And yet there is another argument to be made in all of this. In defense of those who can't spell, it's not necessarily because the education system is failing them or because they're stupid - it's the English language that is at fault. Consider that we are one of the only European languages that hasn't been systematically updated for hundreds of years. French, Dutch, Spanish, Italian... all of those languages have been reformed at some time or another to bring spelling in line with pronunciation. In fact many of our French derived words are spelled as they were hundreds of years ago and bear little similarity to how they are spelled in modern French because French is centrally controlled and they were willing to update their spelling.
To see the failure of English look at the word 'night'. Originally it was spelled as it was pronounced. We have not used the soft sound 'gh' in the word for centuries now so why do we hold onto the spelling? 'Nite' is seen as a lazy, modern and a result of poor business signage and the SMS age. Yet no-one would read it and not know what it means, and it would take far less time for children to learn to spell it.
There has been a push to reform English spelling for over a hundred years now. The Americans partially reformed their spelling, eliminating quite a few silent letters from words, but they fell short of a complete overhaul. So why do we persist in favouring outdated spelling? It doesn't benefit our students. Consider that it is considered laughable in Italy that a child of eight wouldn't be able to spell all words in their vocabulary. So how much extra time can be spent learning other useful things given that spelling takes care of itself when a child speaks Italian? Imagine if mathematics had as many obscure clauses and conditions that English spelling possesses. 4+4=8 except in some cases where it equals 13. Most time would be spent learning the exceptions rather than basic maths skills with absolutely no benefit to students' overall knowledge of mathematics
. In Italy spelling is simple and students can focus on other things to learn. Forcing English speaking students to focus on out of date spellings to the detriment of other subjects simply puts them behind their international contemporaries in terms of what they can learn in the time they spend at school.

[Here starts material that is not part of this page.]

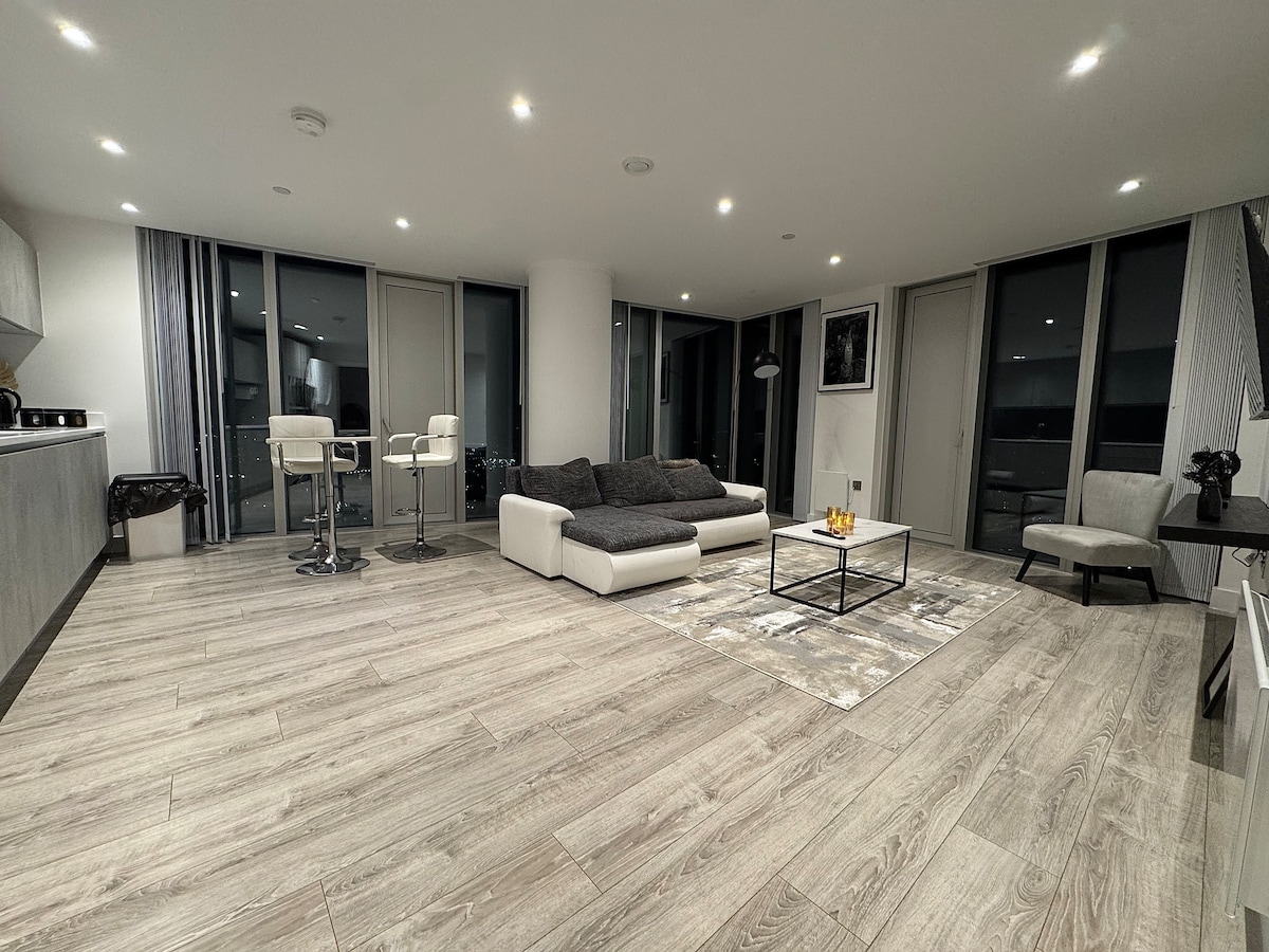 Discover contemporary living in this spacious two-bed apartment, ideal for business travellers, couples, and families! Enjoy riverside views and a private terrace. The open-plan living area features a fully equipped kitchen & sleek décor. Free parking, two plush beds, high-speed WiFi, a dedicated workspace, and a huge 80-inch TV! Located just moments from Chapel Street’s top restaurants, cafes, and cultural sites, this apartment offers comfort and convenience for your stay in Manchester.

So what purpose do all of these spelling exceptions hold? It makes it harder to learn to write English so it doesn't benefit communication. It doesn't aid in clarity since most words are seen in the context in which they are used anyway. They're/Their/There may make more sense in writing, but we don't have any way to distinguish them verbally and we seem to get our points across in conversations with no problems at all. Instead we have an archaic system that seems to exist only to try and trip people up when they are trying to communicate. The only purpose that keeping our spelling so complicated serves is to preserve elitism - if you can spell properly you are somehow better than those who cannot. And given it's the people who can spell who are in charge of education, dictionaries and publishing it's not surprising that they'd rather keep the status quo
rather than reform spelling for the benefit of all.